Source material –
------------------------------------------------------------

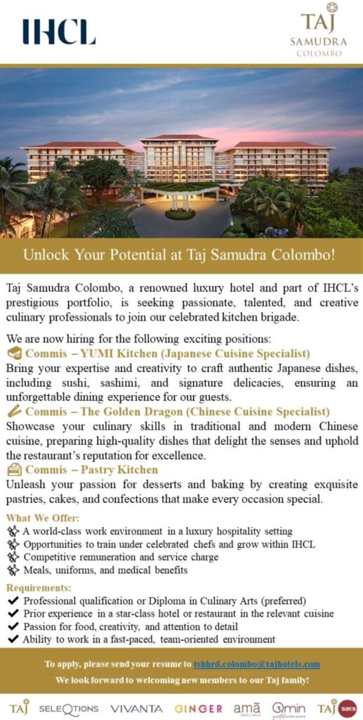 Hotel Commis – Japanese/ Chinese/ Pastry 2 months ago Deadline:- 30th September 2025 Company:- Taj Samudra Colombo Apply now :- tshhrd.colombo@tajhotel.com Post navigation Previous: Internship – TeacherNext: HR Assistant Related Vacancies Driver Finance and Accounts Hotel Receptionist Supervisor Waiter/ Waitress/ Cost Assistant/ Driver/ Housekeeping/ Receptionist 4 days ago Admin Cashier Hotel Human Resources Manager Cashier/ HR/Cook/ Manager/ Crew member 6 days ago Hotel Lecturer Part time Tourism Lecturer – Tourism & Hospitality 7 days ago
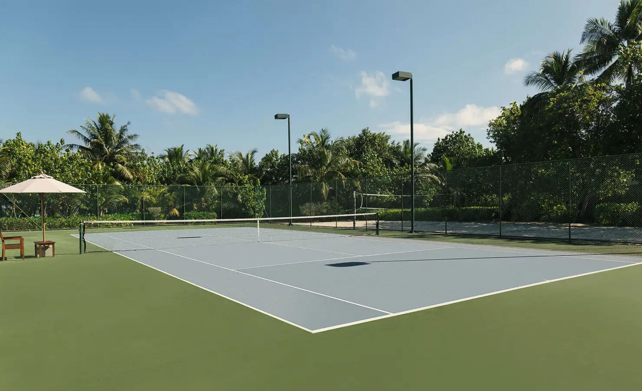 Diese private und unberührte Insel ist perfekt für vertraute Momente. Nehmen Sie sich etwas Zeit, um zu zweit auf dem Tennisplatz des Club-Resorts Spaß zu haben. Da der Platz den ganzen Tag über verfügbar ist, können Sie spontan ans Netz gehen und ein oder zwei Runden spielen. Knüpfen Sie ein paar sportliche Erinnerungen an dieses Inselparadies. Schläger und Bälle stehen zur Verfügung. Behalten Sie den Ball im Auge und lassen Sie sich nicht vom sanften Rauschen des Ozeans ablenken!
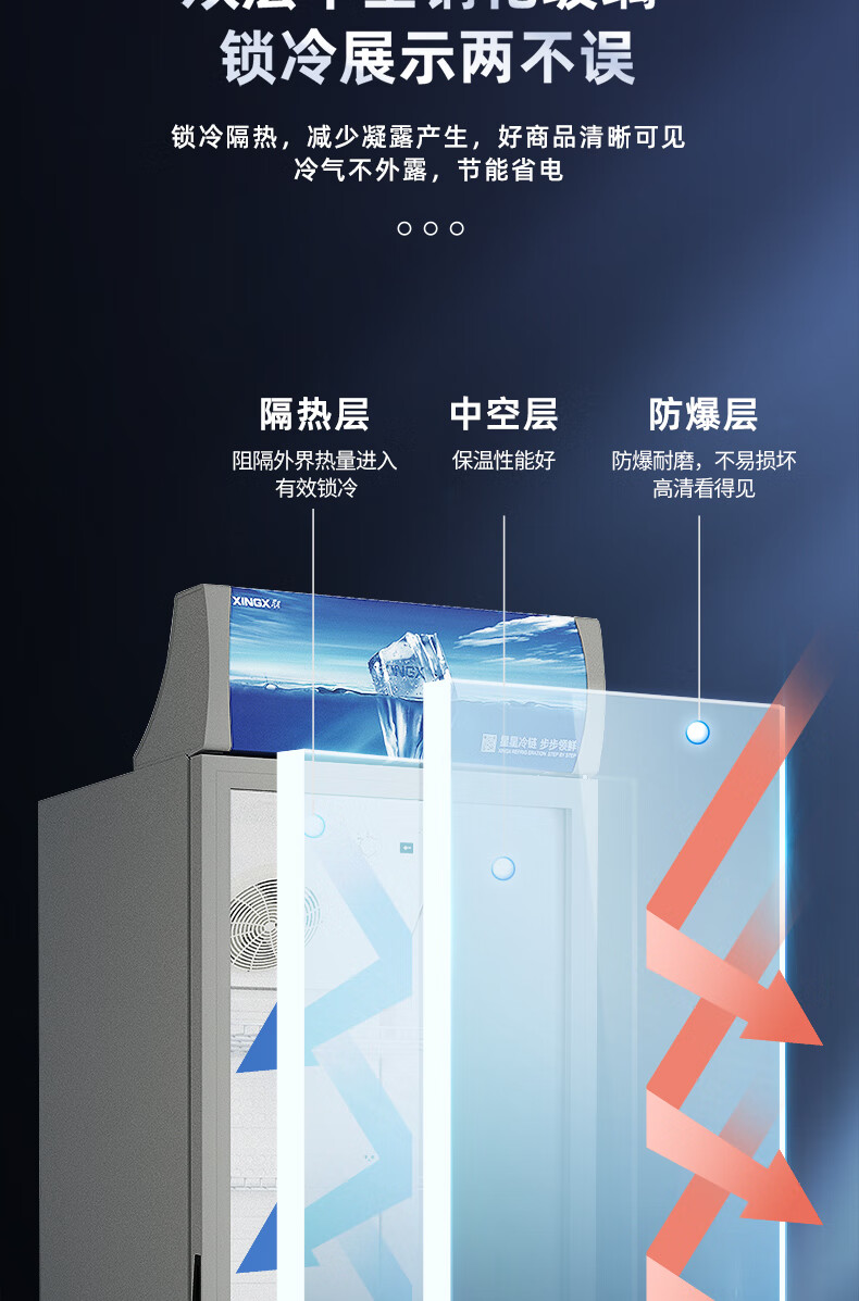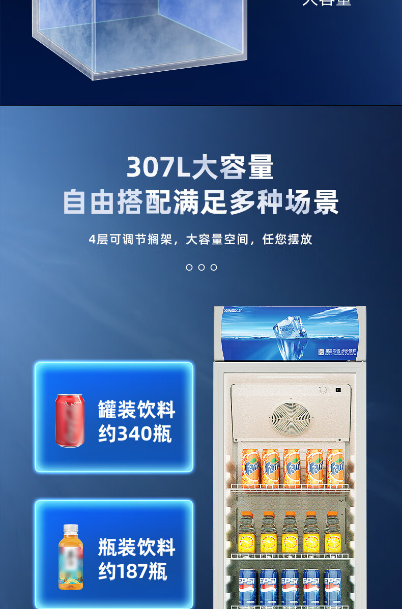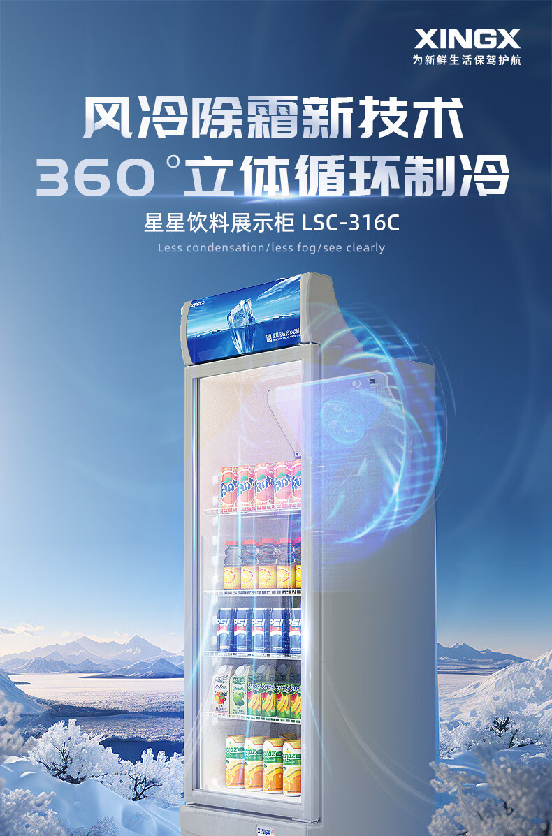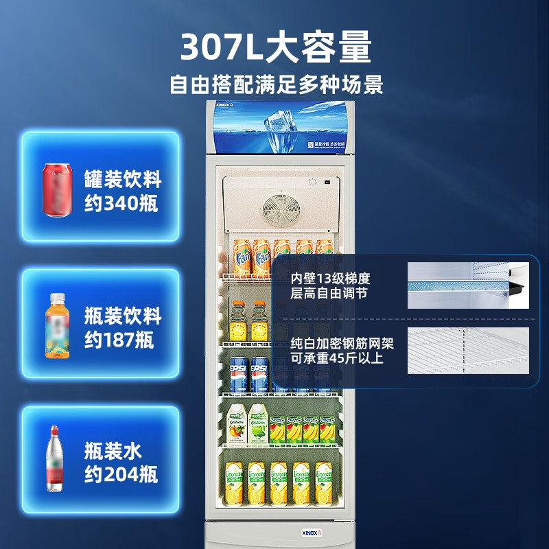 星星(XINGX)316L立式玻璃门单门展示柜冷柜 银灰色饮料陈列柜 商用冷藏保鲜节能一级能效冰箱LSC-316C LSC-316C/台

------------------------------------------------------------

Please output the full listing above exactly, minus any pictures.

Expected answer –
 Hotel Commis – Japanese/ Chinese/ Pastry 2 months ago Deadline:- 30th September 2025 Company:- Taj Samudra Colombo Apply now :- tshhrd.colombo@tajhotel.com Post navigation Previous: Internship – TeacherNext: HR Assistant Related Vacancies Driver Finance and Accounts Hotel Receptionist Supervisor Waiter/ Waitress/ Cost Assistant/ Driver/ Housekeeping/ Receptionist 4 days ago Admin Cashier Hotel Human Resources Manager Cashier/ HR/Cook/ Manager/ Crew member 6 days ago Hotel Lecturer Part time Tourism Lecturer – Tourism & Hospitality 7 days ago
 Diese private und unberührte Insel ist perfekt für vertraute Momente. Nehmen Sie sich etwas Zeit, um zu zweit auf dem Tennisplatz des Club-Resorts Spaß zu haben. Da der Platz den ganzen Tag über verfügbar ist, können Sie spontan ans Netz gehen und ein oder zwei Runden spielen. Knüpfen Sie ein paar sportliche Erinnerungen an dieses Inselparadies. Schläger und Bälle stehen zur Verfügung. Behalten Sie den Ball im Auge und lassen Sie sich nicht vom sanften Rauschen des Ozeans ablenken!
 星星(XINGX)316L立式玻璃门单门展示柜冷柜 银灰色饮料陈列柜 商用冷藏保鲜节能一级能效冰箱LSC-316C LSC-316C/台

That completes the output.